Exercise brief -
All lines from the one bearing "更正前,因为报表单位元和万元" through the end of the data below must be printed exactly as they stand, with pictures removed.

Data segment -
--*--
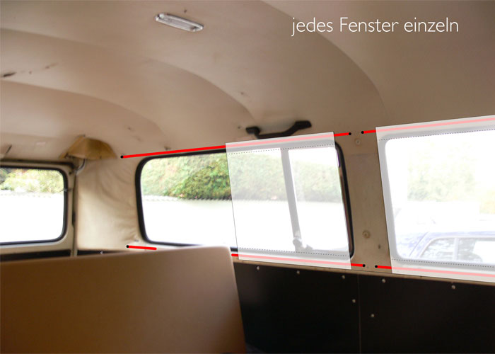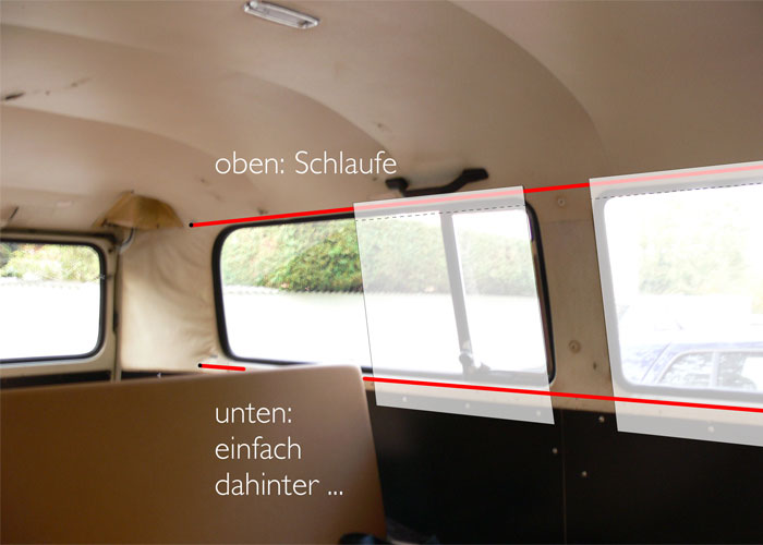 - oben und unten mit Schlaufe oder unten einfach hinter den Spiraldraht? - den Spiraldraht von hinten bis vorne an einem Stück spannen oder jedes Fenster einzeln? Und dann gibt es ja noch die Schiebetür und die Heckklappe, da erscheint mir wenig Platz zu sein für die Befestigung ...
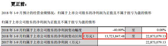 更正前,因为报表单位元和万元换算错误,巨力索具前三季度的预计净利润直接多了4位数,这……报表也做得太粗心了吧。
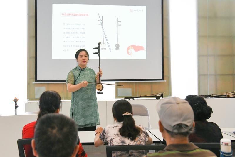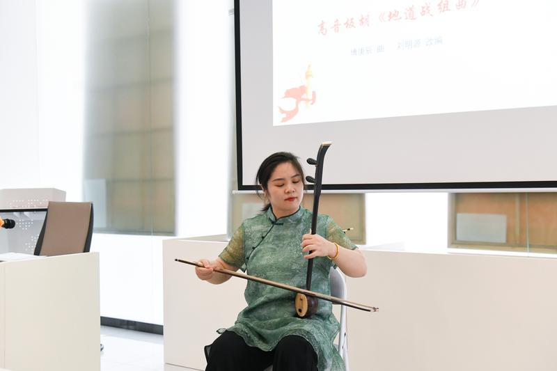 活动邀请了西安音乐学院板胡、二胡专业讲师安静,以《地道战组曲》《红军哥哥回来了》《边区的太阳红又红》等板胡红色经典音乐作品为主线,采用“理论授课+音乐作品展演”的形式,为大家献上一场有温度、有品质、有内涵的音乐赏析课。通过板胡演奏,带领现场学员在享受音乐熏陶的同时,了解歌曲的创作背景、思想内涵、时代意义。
--*--
Solution for this exercise -
 更正前,因为报表单位元和万元换算错误,巨力索具前三季度的预计净利润直接多了4位数,这……报表也做得太粗心了吧。
 活动邀请了西安音乐学院板胡、二胡专业讲师安静,以《地道战组曲》《红军哥哥回来了》《边区的太阳红又红》等板胡红色经典音乐作品为主线,采用“理论授课+音乐作品展演”的形式,为大家献上一场有温度、有品质、有内涵的音乐赏析课。通过板胡演奏,带领现场学员在享受音乐熏陶的同时,了解歌曲的创作背景、思想内涵、时代意义。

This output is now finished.